The MIT team’s immediate focus is on the training application, where resistance is likely to be lower. There, AR-VIU’s value proposition is less about replacing a veteran sonographer’s technique and more about giving a student something that no current training tool provides: a direct, real-time, spatially registered view of what the probe is seeing, without the interpretive leap from two dimensions to three. Shrihari Viswanath, the paper’s other lead author, said the system makes the invisible visible in a way that traditional instruction cannot. “Overlaying images with the anatomy and providing 3D visual context makes ultrasound significantly easier for novices to understand,” he said.
AR-VIU sits within a broader wave of neurotechnology and medical device breakthroughs that share a common premise: that the most persistent limitations in clinical practice are not hardware problems but cognitive ones, and that the right interface can redistribute expertise in ways that training alone cannot. Whether that premise holds up in a clinical trial, with real patients and real diagnoses at stake, is the question this paper does not yet answer.
The current version of AR-VIU is a research prototype. The probe requires a wired connection to external computing hardware, and the resolution of the volumetric rendering, while sufficient for the object-identification and localization tasks in the study, falls short of what would be required for fine clinical work like cardiac imaging or the detailed fetal measurements performed in obstetric ultrasound. The researchers acknowledge this openly, noting that resolution improvement and additional clinical accuracy testing are the next priorities before any hospital deployment could be considered.
The study was funded by the MIT Media Lab Consortium, the National Science Foundation, an MIT HEALS graduate fellowship, and an MIT-Tata graduate fellowship. The paper was authored by Hou and Viswanath along with Bowen Wu, a 2024 MIT graduate, and two undergraduates participating in MIT’s Summer Research Program: Cinay Dilibal of Dartmouth College and Tanisha Shende of Oberlin College.

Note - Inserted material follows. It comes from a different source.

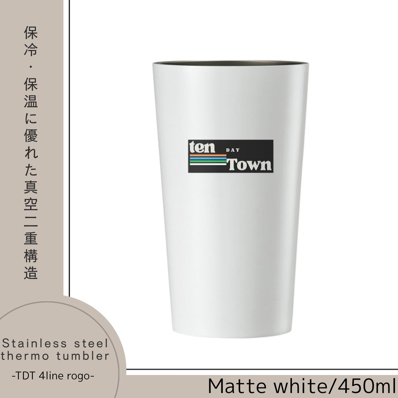 TDT【4lineロゴプリント】ステンレスサーモタンブラー 450ml マットホワイト

What the study does not yet answer is the question that will ultimately determine whether AR-VIU or any technology like it changes how ultrasound is practiced at scale: whether the performance gains measured in a controlled laboratory setting with gelatin phantoms and embedded objects hold up in the full complexity of a clinical encounter, with a patient on a table, time pressure in the room, and a diagnosis that actually matters.